И придвинулся, подщурился на один глаз и сказал с конфиденциальной улыбочкой, негромко и доверительно:
— Давай коньячку. — И ещё так губу нижнюю подвыпятил, мол, это для тех кто понимает, не для бичей каких-нибудь, так что цени доверие.
Я изо всех сил выправлял баржонку. Эдя налил в обрезок пластиковой бутылки и в крышку от термоса. Напиток оказался коричневатым, судя по всему, спирт на орехах.
— Это что у тебя?
— Коньяк, — невозмутимо ответил Эдик и указал рукой: — Туда подработай, не видишь, заваливает? У меня ещё была одна, но мы с Мотей выдули… Или вообще знаешь? Заглуши. Заглуши его к хренам небесным! Давай сплавимся. Здесь нормально! У нас полтора километра безопасного сплава. — О-о-н до того бакана, а если нас вон то улово поймат, то двойной тягой оттащим. Двое — не один!
Говорил он колоритно, и я с удовольствием заглушил мотор.
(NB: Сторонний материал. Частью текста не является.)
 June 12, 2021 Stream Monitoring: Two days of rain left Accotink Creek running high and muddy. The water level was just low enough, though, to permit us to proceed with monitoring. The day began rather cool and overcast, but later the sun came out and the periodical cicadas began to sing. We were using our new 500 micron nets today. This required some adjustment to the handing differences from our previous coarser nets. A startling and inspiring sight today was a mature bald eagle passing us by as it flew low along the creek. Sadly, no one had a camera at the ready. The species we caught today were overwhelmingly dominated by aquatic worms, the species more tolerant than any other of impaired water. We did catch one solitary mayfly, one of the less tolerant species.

— Тем более, чо вот она порожняком течёт? — Он указал на воду. — Пускай нас тащит. Не употеет. А мы пока коньячку. Коньяк — это такая штука… Он покоя требует. Вот слушай, тебе интересно будет… — сказал он, видимо, намекая на мои записки. — У меня, короче, дядька, Дяа Юра, бортмеханик, в Туве жил, в Хандага… Хангадай… Хандагай… — Не взяв с наскоку, он выдохнул, демонстративно притих и сказал показательно спокойно: — В Хандагайтах жил. На заставе. А в Кызыле у него дочка. У ней мужик — охотовед. Тувинский Зять кличка. К нему на охоту люди валом идут. И короче, с Испании приезжает один, в общем… дон. Дон… Как его? Ну… не помню…
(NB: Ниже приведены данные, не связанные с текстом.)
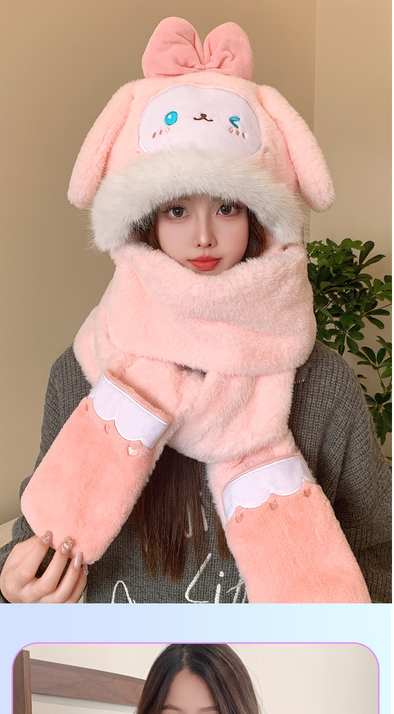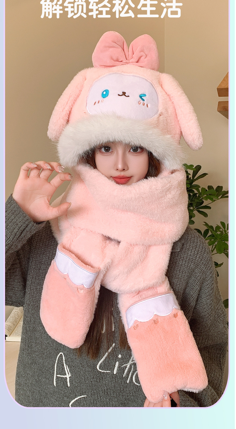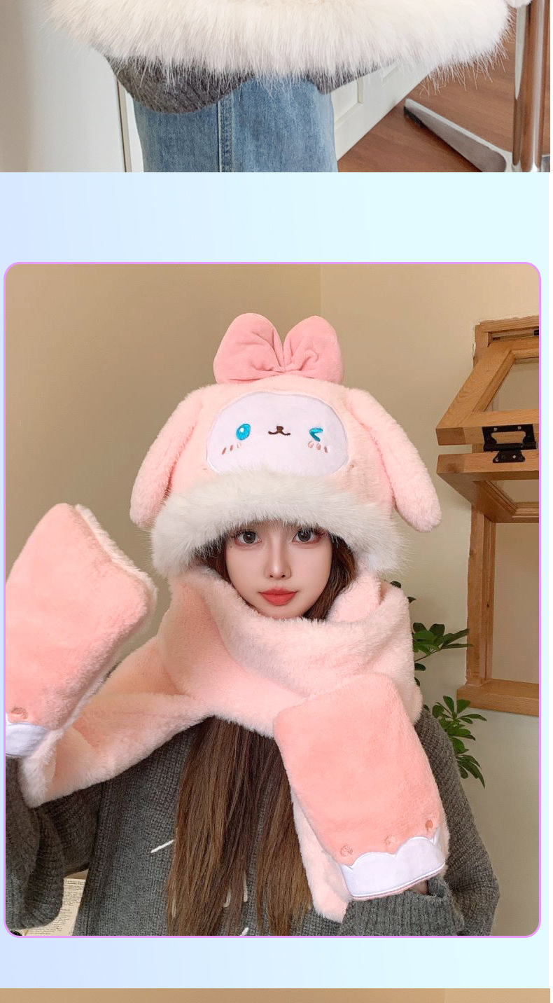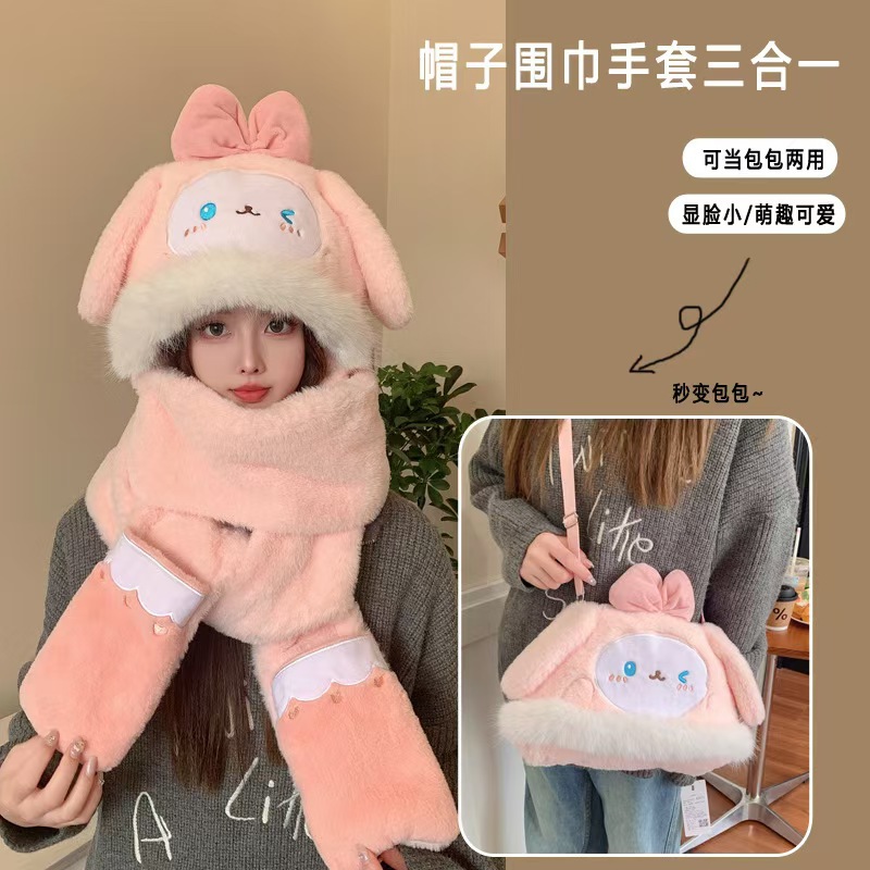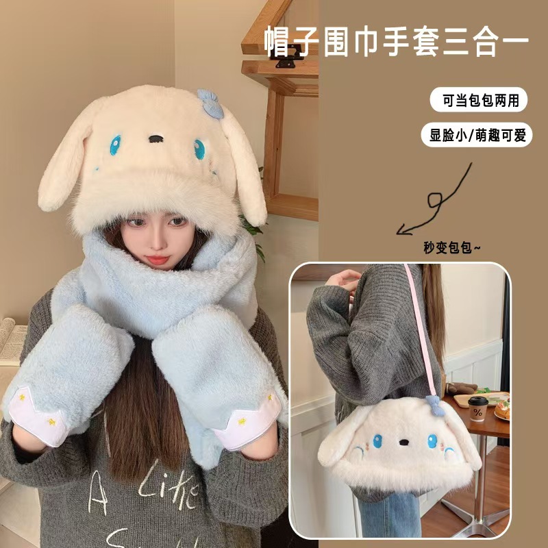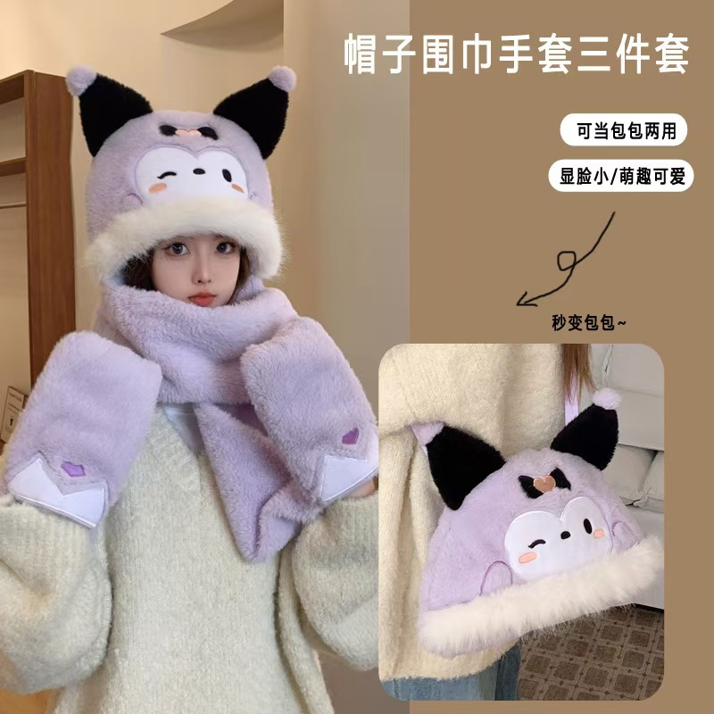 Sanrio Panda Lamep набор из трех частей женский милый плюшевый мультфильм теплая одна шляпа

— Дон Карлос, — предположил я. От «коньяка» у меня отлегло.
— Да. Дон Карлос, — оценив мою находчивость и радуясь, что я включился в игру, весело согласился Эдя. — И они сначала едут на Хындик… на Хиндык, едут на Хындыктык… на Хиндикдик… — Он пытался в несколько попыток форсировать Хиндигтик-Холь, но ничего не получалось: — В общем, на Хындык…
— На Хындык-Тайгу.
— На Хындык-Тайгу… И там дон настрелялся козлов до больного плеча, нарыбачился, аж рука отваливается… и стакан еле держит, и говорит… Давай намахнём… Это в смысле я говорю уже… А не дон… Хе-хе. Давай. Букет чувствуешь? Вот то-то. Короче, дон говорит: знаешь, Тувинский Зять, я так хорошо у тебя отдохнул, что приезжай-ка теперь ты в моё испанское графство-государство. Хорошо, говорит Зять. Ну и едет, как словом, так и делом. А дон селит его у себя в замке. Селит. От те койка, от те мойка, от те принадлежность мыльно-рыльная, в общем, всё как у людей. А под замком, — секретно прищурился Эдя, — хе-хе, подвал… А в подвале колидоры подземные, а в них погреба винные-глубинные. Хе-хе… Короче, дон оказывается коньячный барон. И каждый день дон-барон велит с подвалу поднять коньяку… А коньяк, я тебе доложу, такой, что губа сначала разворачиватца, а потом заворачиватца… Короче, они три дня кряду, — он поднял палец, — сидят у камину, едят бычачью бочину и пробуют на губу коньячину. А надо сказать, что у Зятя губа далеко не дура. Что у Зятя губа — далеко не так слаба. Хе-хе… И вот к концу треттего дня дон Карлос или как его там… говорит: дорогой Дон Тувинский Зять, теперь я тебе доверяю, как самому себе, пойдём-ка пройдём по подземелью. На что Дон Зять говорит: почему нет? Мы с тобой по Хиндык, по Хындык-тык-тык-тык… по Хунды…
— По Хындык-Тайге…
— По Хындык-Тайге шарохались, а уж по каком-то подземелью всяко-разно прошкребёмся. Они спускаются… А там этих бутылок… — Эдя повёл рукой. — А они такие пыльные, и идут так вот… в глубь средневековых времён, иначе не скажешь… И чем дальше в подземелье — тем старее бутылка. Только не думай, что они каждую дегустируют. Они продвигаются и оттяпывают так это… лет по пять исторического периводу. В общем, остановятся, тяпнут и дальше. Тяпнут и дальше. А чем дальше они тяпают, тем вкуснее коньячина. Обожди, давай я на плашкот слажу пожрать чо-нибудь возьму.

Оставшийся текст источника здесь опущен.